> **Your objective**
Here the job is to transcribe only the lines from the one containing "Men's Fanatics White" through the last line below, exactly as written; please leave out pictures.

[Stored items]

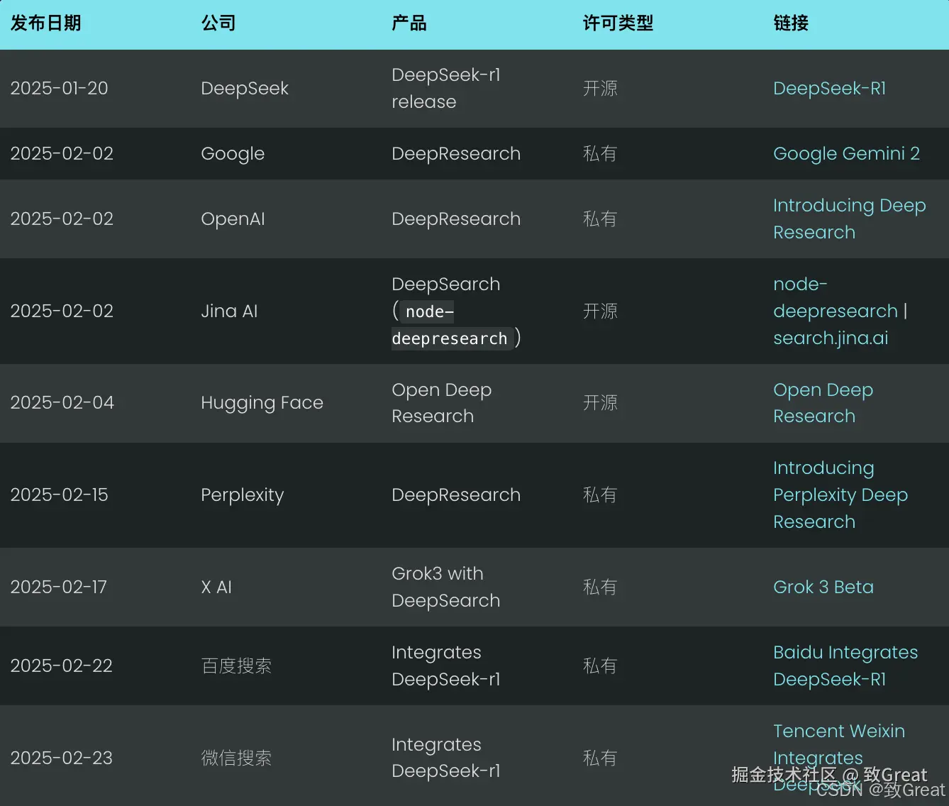 一个有趣的发现是,DeepSearch 和 DeepResearch 不仅限于 OpenAI,之前一直听说OpenAI的DeepResearch特别厉害,最近许多公司如 Jina AI、Perplexity 和 Google 也在开发类似工具。例如,Jina AI 推出了开源的 node-deepresearch,X AI 将 DeepSearch 集成到 Grok3 中,形成了DeepResearch 的变体。这可能表明AI 搜索和研究工具正迅速多样化,可能在未来几年内成为大模型的特色功能。
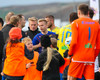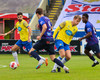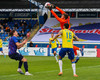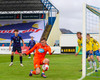 Nær lúmsku skoti með grasinu sem að rúllar rétt framhjá stönginni fjær.
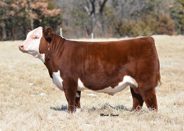 He’s royally bred and he’s dang good to boot! His sire, dam and full sister are all Denver Champion. He has all the look and design you want in a cross bred bull yet puts it all together in a PB Hereford package. Line up, this is one you’re going to want to get in on! Ships from Monticello, IN.
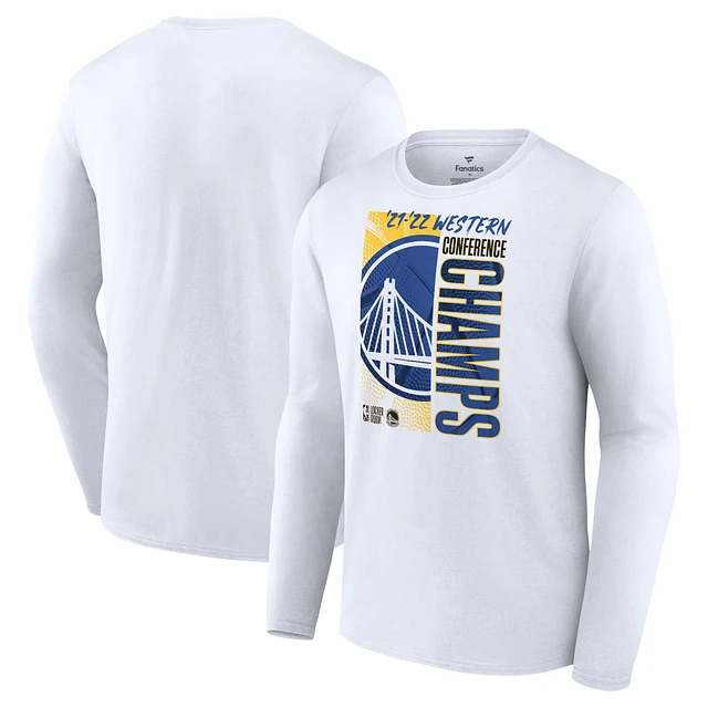 Men's Fanatics White Golden State Warriors 2022 Western Conference Champions Locker Room Long Sleeve T-Shirt
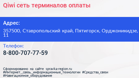 Qiwi, сеть терминалов оплаты по адресу 357500, Ставропольский край, Пятигорск, Орджоникидзе, 11 в дальнейшем Организация, размещена в следующих категориях:
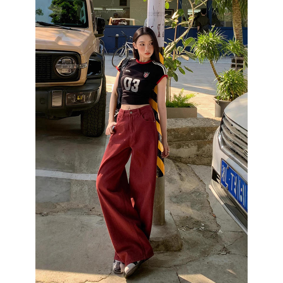 American Ankola 2025 Early Spring New High Waist Straight Loose Narrow Version Cotton Denim Medium Thickness Jeans for Women Red
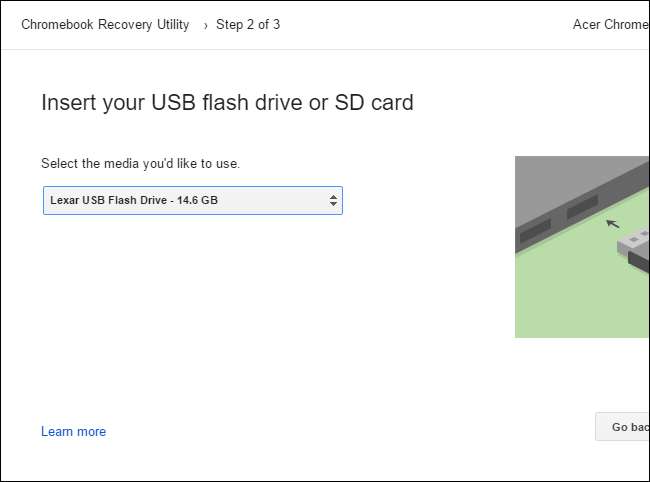 Accesați expertul Chromebook Recovery Utility. Aplicația va șterge unitatea USB atașată și va plasa suportul de recuperare Chrome OS pe ea. Dacă Chromebookul dvs. are un slot pentru card SD, puteți utiliza și acest utilitar pentru a plasa suportul de recuperare pe un card SD.

> **Answer section**
 Men's Fanatics White Golden State Warriors 2022 Western Conference Champions Locker Room Long Sleeve T-Shirt
 Qiwi, сеть терминалов оплаты по адресу 357500, Ставропольский край, Пятигорск, Орджоникидзе, 11 в дальнейшем Организация, размещена в следующих категориях:
 American Ankola 2025 Early Spring New High Waist Straight Loose Narrow Version Cotton Denim Medium Thickness Jeans for Women Red
 Accesați expertul Chromebook Recovery Utility. Aplicația va șterge unitatea USB atașată și va plasa suportul de recuperare Chrome OS pe ea. Dacă Chromebookul dvs. are un slot pentru card SD, puteți utiliza și acest utilitar pentru a plasa suportul de recuperare pe un card SD.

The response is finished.